DATA SHOWN>

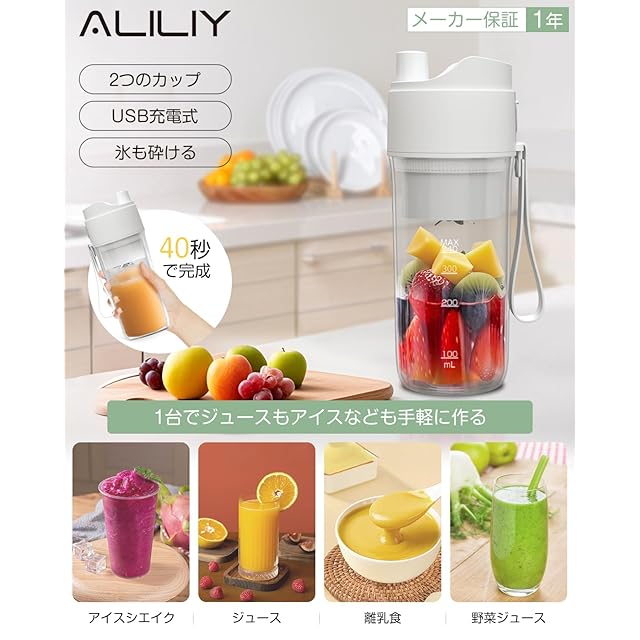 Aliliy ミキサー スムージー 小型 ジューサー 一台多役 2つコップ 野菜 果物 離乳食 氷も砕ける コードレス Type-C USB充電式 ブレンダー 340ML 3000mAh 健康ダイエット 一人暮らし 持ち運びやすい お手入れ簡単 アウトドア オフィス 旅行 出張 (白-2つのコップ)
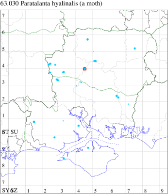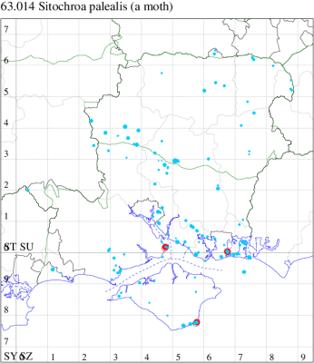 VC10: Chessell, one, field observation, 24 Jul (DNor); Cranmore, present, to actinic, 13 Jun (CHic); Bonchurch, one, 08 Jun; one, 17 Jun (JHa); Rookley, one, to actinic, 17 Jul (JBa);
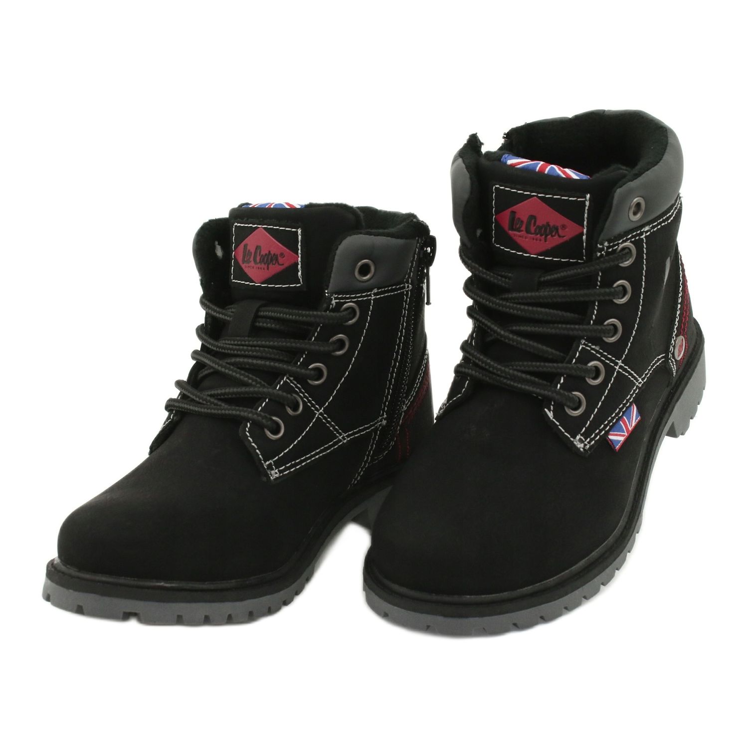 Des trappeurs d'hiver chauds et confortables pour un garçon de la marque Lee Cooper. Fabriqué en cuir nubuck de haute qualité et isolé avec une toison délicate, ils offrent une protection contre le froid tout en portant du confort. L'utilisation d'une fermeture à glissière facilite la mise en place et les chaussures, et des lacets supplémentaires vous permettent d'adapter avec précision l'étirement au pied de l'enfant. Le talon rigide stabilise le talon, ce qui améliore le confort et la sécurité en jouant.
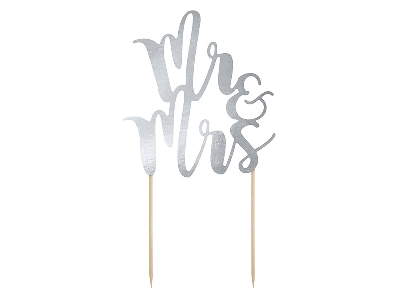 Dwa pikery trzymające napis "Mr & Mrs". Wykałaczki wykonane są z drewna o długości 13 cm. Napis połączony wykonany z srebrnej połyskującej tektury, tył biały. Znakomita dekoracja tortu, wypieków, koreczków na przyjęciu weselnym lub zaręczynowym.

PROBLEM STATEMENT> Please output the listing above exactly from its first line through the line with "VC10: Chessell, one, field", both included, and nothing beyond that line. Omit pictures.

TASK OUTPUT>
 Aliliy ミキサー スムージー 小型 ジューサー 一台多役 2つコップ 野菜 果物 離乳食 氷も砕ける コードレス Type-C USB充電式 ブレンダー 340ML 3000mAh 健康ダイエット 一人暮らし 持ち運びやすい お手入れ簡単 アウトドア オフィス 旅行 出張 (白-2つのコップ)
 VC10: Chessell, one, field observation, 24 Jul (DNor); Cranmore, present, to actinic, 13 Jun (CHic); Bonchurch, one, 08 Jun; one, 17 Jun (JHa); Rookley, one, to actinic, 17 Jul (JBa);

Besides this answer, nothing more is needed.